Setting up Condor-CE
Condor-CE is a replacement for globus on our gatekeepers. Condor-G can still be used to submit jobs to the gatekeeper, but then the JobRouter daemon takes over, determines criteria under which a particular route will be satisfied (the Requirements expression of the route) and then re-writes the ClassAd variables specified in the route before sending it directly to the condor queue of the node.
Interesting things learned while doing this
- HTCondor-CE uses the public NIC, and ports 9619 and 9620 must be open for tcp on that NIC
- ClassAd variables specified in the Requirements statement MUST have the "target" prefix, for example
- Requirements = target.queue=="mp8"; \
- Be sure there are no blanks after the line continuation backslash
- Make sure there are no blanks on either side of the "=="
- This turns out NOT to be the case.
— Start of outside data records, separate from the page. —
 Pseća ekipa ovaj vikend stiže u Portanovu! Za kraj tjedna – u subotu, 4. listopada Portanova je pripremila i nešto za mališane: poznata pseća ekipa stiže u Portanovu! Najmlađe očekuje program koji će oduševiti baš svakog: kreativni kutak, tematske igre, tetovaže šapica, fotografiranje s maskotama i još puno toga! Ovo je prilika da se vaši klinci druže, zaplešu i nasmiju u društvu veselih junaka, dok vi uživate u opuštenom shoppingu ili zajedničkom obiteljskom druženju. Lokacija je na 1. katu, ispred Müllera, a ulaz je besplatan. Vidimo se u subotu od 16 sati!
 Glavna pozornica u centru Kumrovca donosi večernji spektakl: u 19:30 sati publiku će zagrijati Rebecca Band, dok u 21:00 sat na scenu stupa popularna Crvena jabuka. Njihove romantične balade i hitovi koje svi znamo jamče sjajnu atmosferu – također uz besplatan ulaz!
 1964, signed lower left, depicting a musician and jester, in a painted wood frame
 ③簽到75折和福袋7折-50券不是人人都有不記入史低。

The statement that I sent to the developers:
- The acceptance, or failure, of a route is non-trivial to work with because of a lack of debugging information in the logs from the process that parses it out.
- ClassAd variables in other statements should NOT have the "target" prefix
- GlobusRSL and InputRSL are not available to be parsed in the Requirements macro
- GlobusRSL and InputRSL ARE available parsed for use by other macros
- There can be no blank lines, anywhere, within the job routes, unless they terminate in the line continuation backslash
- Comments use C-style, not "sharp" style, for example
- /* This is a comment line */ \
- If multiple job route Requirements statements evaluate to true, they will be used on a round-robin basis for such jobs
- It is not possible to use a Condor schedd on a different machine, as read access to the spool directory must be possible. This dashed a speculation that HTCondor-CE could easily be used to load balance across multiple schedd on multiple machines.
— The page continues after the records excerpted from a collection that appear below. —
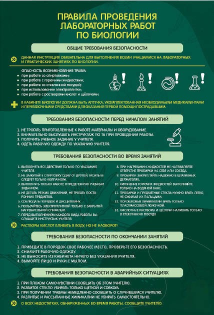 Стенд "Правила выполнения лабораторных работ по биологии" Вариант 1
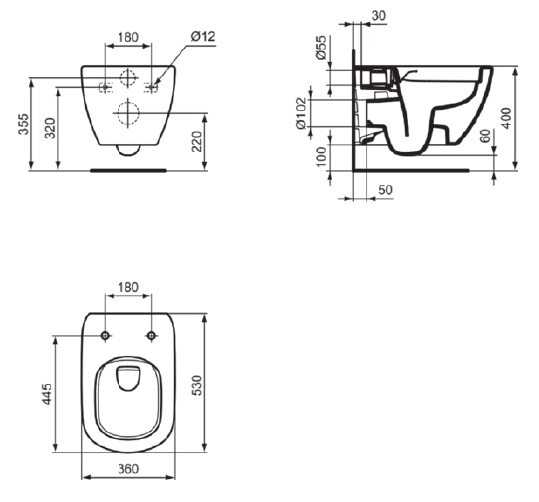 T4932V3 TESI Rimless+ Безободковый подвесной унитаз, глубокий смыв, сиденье и крышка T5521 или T5522 или T5523 или T5524 заказывается дополнительно, с крепежом для полностью скрытого монтажа,
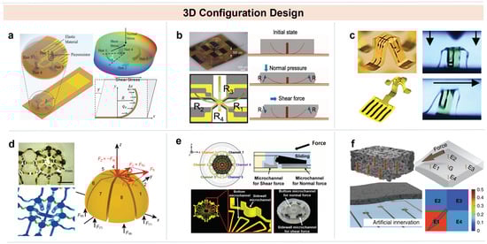 3D configuration design overcomes the limitations of planar structures in force decoupling, anisotropic sensing, and spatial utilization efficiency by arranging and integrating sensing units or force transmission paths within 3D space. Its core principle lies in leveraging spatial dimensions to construct independent or differentiated force response channels. This enables natural physical or electrical decoupling of normal and shear forces. Coupled with specific algorithms, decoupling accuracy can be further enhanced. This design offers excellent force decoupling performance, high directional resolution and sensitivity, while improving spatial utilization efficiency and adaptability. However, its manufacturing processes are generally more complex, structural design presents significant challenges, and signal processing and calibration are also more complex.
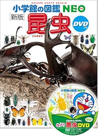 小学館の図鑑NEOシリーズは、ドラえもんと一緒に学べるDVDつきで子どもの興味を引く作りになっています。美しい標本写真、生態写真、大きさが把握しやすい拡大率など、最新の情報が盛り込まれています。
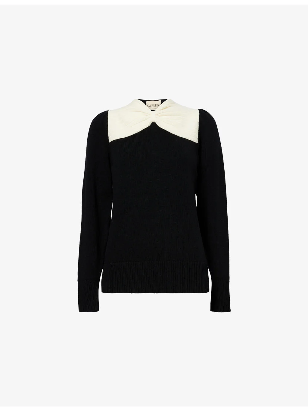 PRODUCT DETAILS - Valentino wool jumper - 100% virgin wool - Regular fit, V-neck, long sleeves, contrast bow design panel at front, all-over knitted, ribbed trims - Dry clean - Made in Italy - True to size - Model is 5ft 10in/1.78m and wears a size small - Midweight, stretchy Ref: R04550171

- Several ClassAd macros are set up for us via the file /usr/share/condor-ce/condor_ce_router_defaults . If a macro is set in that file via "eval_set", then any redefinition of that variable must also use "eval_set". For example, even though the assigned value of RequestCpus in this example is a static value, eval_set must be used:
- eval_set_RequestCpus = 8; \
- It has been suggested that it is inadvisable to change the default JOB_ROUTER_DEFAULTS macro
- With "JOB_ROUTER_DEBUG = D_FULLDEBUG" set, the JobRouterLog file in /var/log/condor-ce contains a specification of the "umbrella" constraint. This contains an OR of all the routed path member "Requirements" constraints. It is the only really easy way I have found to make sure you didn't screw up any routes in setting up the configuration. Following more global constraints from default statements, and with more trailing, this can be found for the job_router setup below with 10 routes.
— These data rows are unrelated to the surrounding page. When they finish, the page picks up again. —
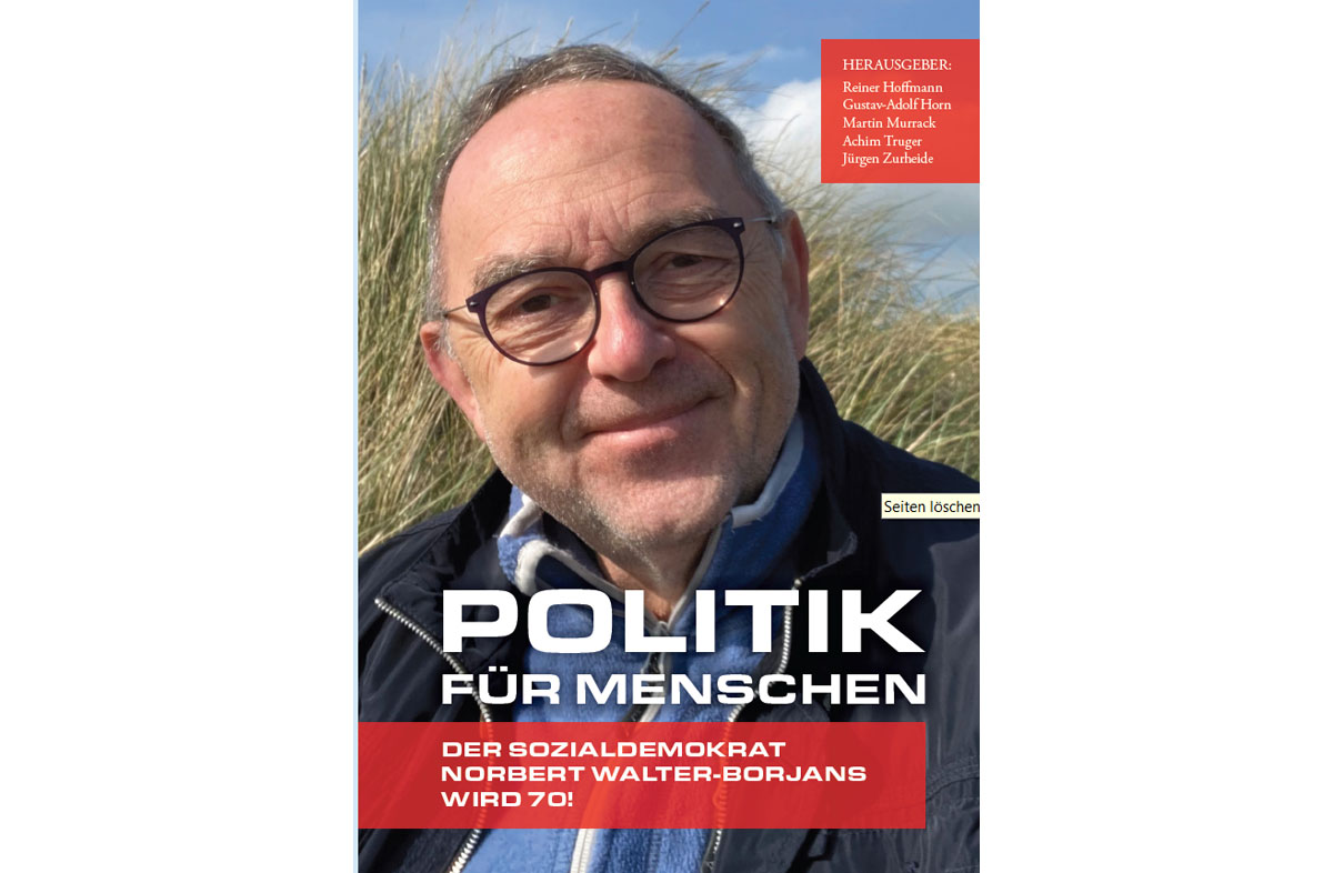 Politik für Menschen – der Sozialdemokrat Norbert Walter-Borjans wird 70! Herausgeber: Reiner Hoffmann, Gustav-Adolf Horn, Martin Murrack, Achim Truger & Jürgen Zurheide, Berlin 2022, Epubli. Das Buch ist ab dem 30.9. im Buchhandel erhältlich
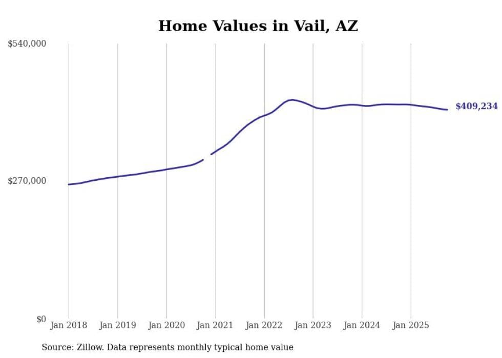 Stacker compiled a list of cities with the most expensive homes in the Tucson, AZ metro area using data from Zillow. Charts show the monthly typical home value since January 2018.
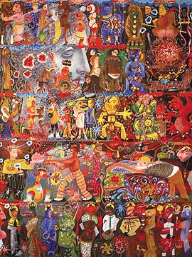 The paintings of London-born artist David Forbes take the viewer through the shadowed corners of a circus gone haywire. His Bosch-like compositions teem with surreal creatures in carnivalesque costumes, toys, demons, and genitalia, all in bright, heavily saturated colors amid hallucinogenic landscapes. They chart obscure regions of the psyche and spin color and symbol into a hellish sort of rapture. According to the artist, "Stations of the Cross" (one of the two series in the exhibition) was made "to alleviate incipient madness associated with unruly brain-visitors, hallucinations, and spells of absence." Like massive spider webs, the canvases have captured the freakier, wayward bits of a frenzied imagination and leave them suspended in space to torture one another. |
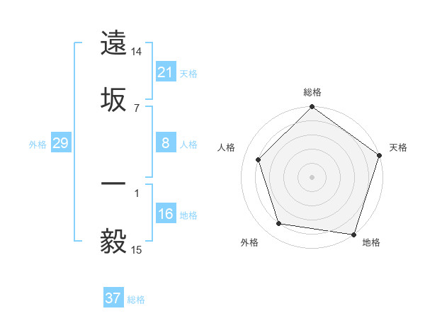 遠坂 一毅さんの地格は16画の5点!
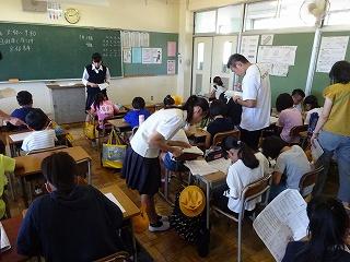 サマースクールでは、各教室で子供たちがプリントに取り組んだり、わからな所を教えてもらったりしています。今年のサマースクールも、サポートティーチャーとして、共栄大学・庄和高校・葛飾中学校の学生・生徒さんが来校して、本校の先生方と一緒にマル付けをしたり、子供からの質問に答えたりしてくれています。
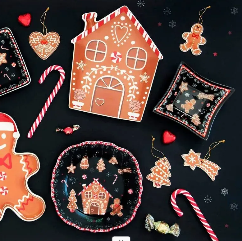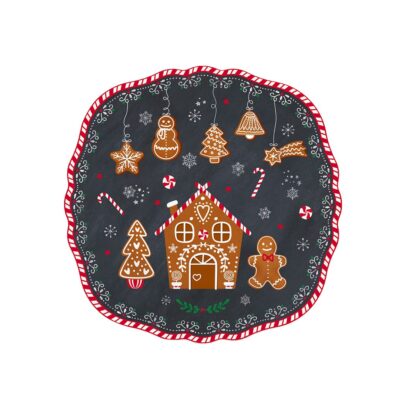 Assiette « Gingerbread » en porcelaine sous le thème de Noël. Assiette aux motifs de « pain d’épice » colorés, ludiques et gourmands, idéal pour partager un repas festif à Noël.
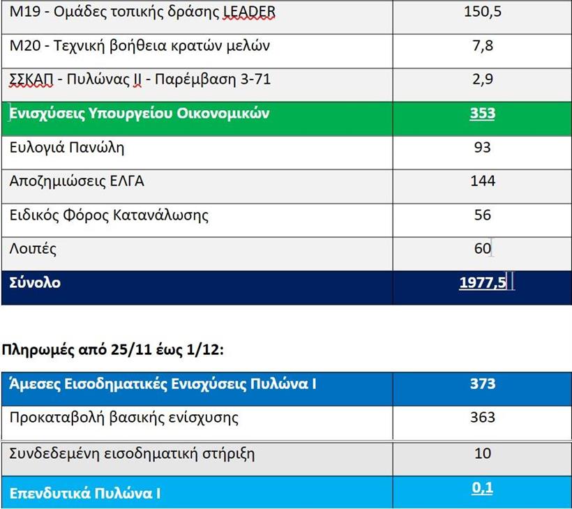 Νέα επικαιροποιημένα στοιχεία από πηγές της Αντιπροεδρίας της Κυβέρνησης και του Υπουργείου Αγροτικής Ανάπτυξης και Τροφίμων αποτυπώνουν το ύψος των ενισχύσεων που έχουν δοθεί στους αγρότες για το 2025. Σύμφωνα με τα δεδομένα, από την 1η Ιανουαρίου έως την 1η Δεκεμβρίου έχουν καταβληθεί 2,48 δισ. ευρώ.
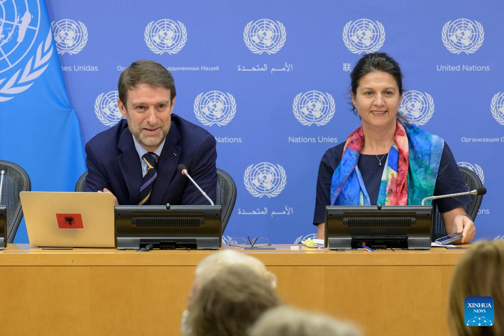 Ferit Hoxha (L), Albania's UN ambassador, whose country holds the Security Council presidency for the month, briefs reporters at the UN headquarters in New York, on Sept. 1, 2023. Ukrainian President Volodymyr Zelensky is expected to come to the United Nations headquarters in September, said Ferit Hoxha. (Manuel Elías/UN Photo/Handout via Xinhua)
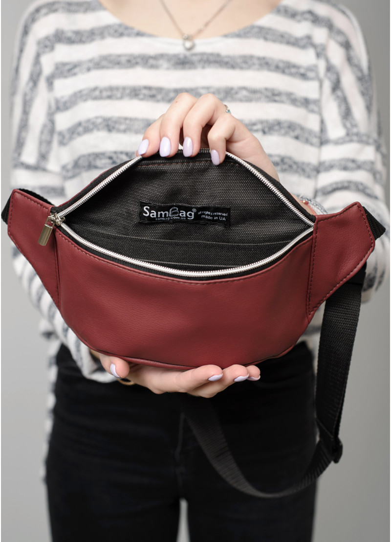 Женская бананка Sambag Tirso Mssp бордового цвета выполнена из экокожи. В середине подкладка из материала Оксфорд. Подкладка берет на себя нагрузку, благодаря чему срок службы бананки значительно увеличивается. Она имеет качественную пластиковую молнию с металлическими бегунками с фиксаторами, поэтому сумка самостоятельно открываться не будет. Сзади бананка имеет дополнительное отделение на молнии. Внутри сумки несколько карманов. Ремешок регулируется от 86 см до 123 см, благодаря чему ее можно удобно носить как на поясе, так и через плечо.
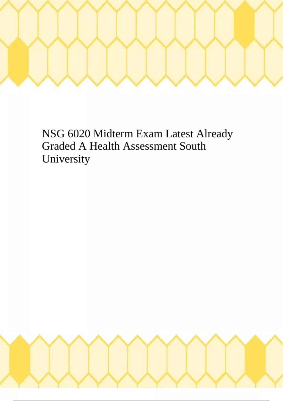 NSG 6020 Midterm Exam Latest Already Graded A Health Assessment South University
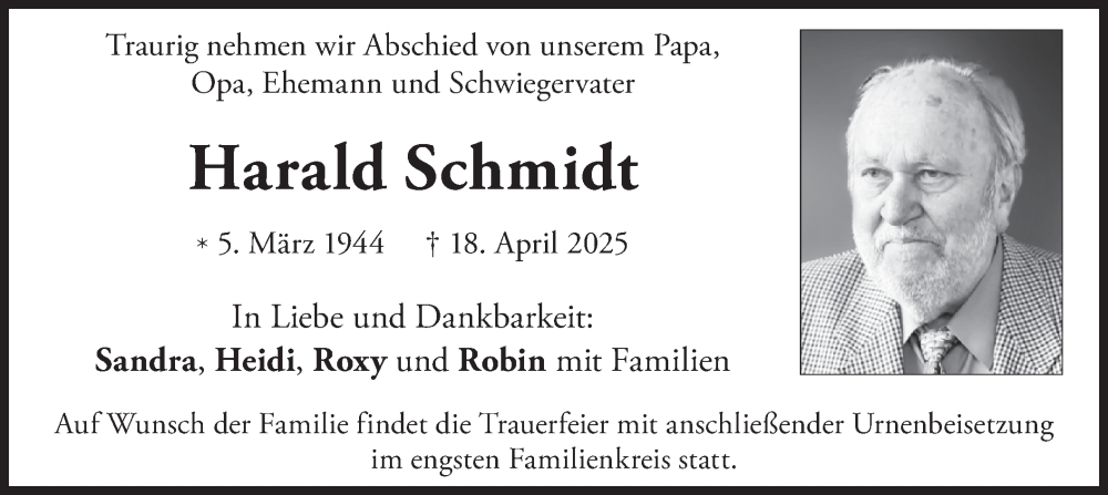 Hier finden Sie alle Traueranzeigen aus der Zeitung, die bisher für Harald Schmidt erschienen sind. Weitere Traueranzeigen, die in der Zeitung erscheinen, werden hier ebenfalls aufgelistet

- ( (target.queue is undefined && target.Owner
= "usatlas2") || (target.queue =
"splitterNT") || (target.queue is undefined && ( regexp("usatlas2",target.Owner) || regexp("usatlas3",target.Owner) )) || (target.queue = "analy") || (target.queue =
"xrootd") || (target.queue is undefined && regexp("usatlas1",target.Owner)) || (target.queue = "mp8") || (target.queue =
"splitter") || (target.queue == "Tier3Test") || (target.queue is undefined && ifThenElse(regexp("usatlas",target.Owner),false,true)) )
- If a route does not show up in this umbrella match, then any submitted job that was supposed to take that route will sit Idle forever unless it also matches another route.
- The acceptance, or failure, of a route is non-trivial to work with because of a lack of debugging information in the logs from the process that parses it out.
- Submitted jobs should specify this non-default setting
- local universe jobs are excluded from any match by default,
The AGLT2 JobRouter setup and usage
The challenge (beyond just learning to do this) for AGLT2 is to cover all the situations we must consider. In the end, there were 10 separate routes as shown below. To accomplish the dynamic reconfiguration of MCORE priorities as was previously the case on gate04 (the production gatekeeper) the condor.pm and condor_submit script logic must be re-purposed into condor-ce configuration files in the /etc/condor-ce/config.d directory. With condor_submit a random value was always thrown to determine if the individual job should, or should not, be allowed access to the Dynamically configured machines. With HTCondor-CE this will become instead a 15 minute granular setup, where an HTCondor-CE configuration file is updated and the condor-ce is then reconfigured.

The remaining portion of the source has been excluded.